I could tell her Liv means nothing and we don’t date, but I like what she

does to my body and it’s nothing to worry about. But I catch sight of my

brother’s picture hanging on the rearview mirror, and I close my mouth

again.

One kid dead. Another who’s… Not normal.

Yeah, her whole world will fall apart. She’s hanging on by a thread as it

is. My family is hanging on by a thread. I don’t want to put something out

there that I can’t take back.

“It’s okay, Mom,” I whisper. “Just go.”

She stares at me.

“I’m not going to get pregnant,” I blurt out. “I promise.”

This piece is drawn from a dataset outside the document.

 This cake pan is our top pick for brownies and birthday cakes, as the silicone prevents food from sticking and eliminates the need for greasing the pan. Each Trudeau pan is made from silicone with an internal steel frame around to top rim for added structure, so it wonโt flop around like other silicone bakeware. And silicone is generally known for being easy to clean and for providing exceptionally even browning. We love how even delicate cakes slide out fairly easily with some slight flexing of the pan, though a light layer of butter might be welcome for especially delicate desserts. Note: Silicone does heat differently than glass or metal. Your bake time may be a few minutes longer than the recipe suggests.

I know she’s hurt I won’t talk to her, but if she knew, she’d wish she

didn’t.

After a moment, she sits back in her seat and pulls away from the curb,

driving us to my grandmother’s.

My mother won’t eat after five o’clock, so these dinners with my

grandmother happen early in the afternoon and every week now, given that

I’m so close to the ball and getting my ducks in a row for college. Mimi likes

to be kept abreast of everything.

Tucker opens the front door before my mother has a chance to and steps

aside for us to enter. I swipe my phone from my school bag before he has a

chance to take it for me, and then I follow my mom into the foyer.

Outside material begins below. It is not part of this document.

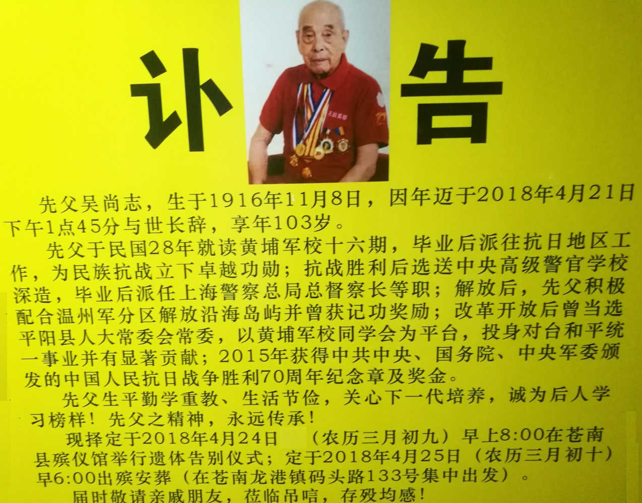 浙江温州苍南县龙港抗战老兵吴尚志宗长于4月21日下午1时45分于龙港逝世,享年103岁

“Good afternoon,” I hear Mimi say.

My mom embraces her, their lips not quite touching each other’s skin as I

shiver in the cold marble room. I look around, inhaling the scent of talcum

powder and lavender that always pervaded this house, like my grandmother

was ninety when she’s only sixty-five.

The white walls are only discernible from the white floors by the streaks

of gray in the stone under my feet. I like white, but this house is like 1980s

white—white wood with gold fixtures, splashes of yellow, and beveled

mirrors where the frames are also mirrors. I’m pretty sure it’s supposed to

look art deco, but it just looks stupid.

“Hi, Mimi.” I smile, mimicking my mother and embracing her with a

kissing sound.

“Oh, you’re getting so pretty,” she coos.

She says that every time. Getting pretty. Not quite there, but getting there.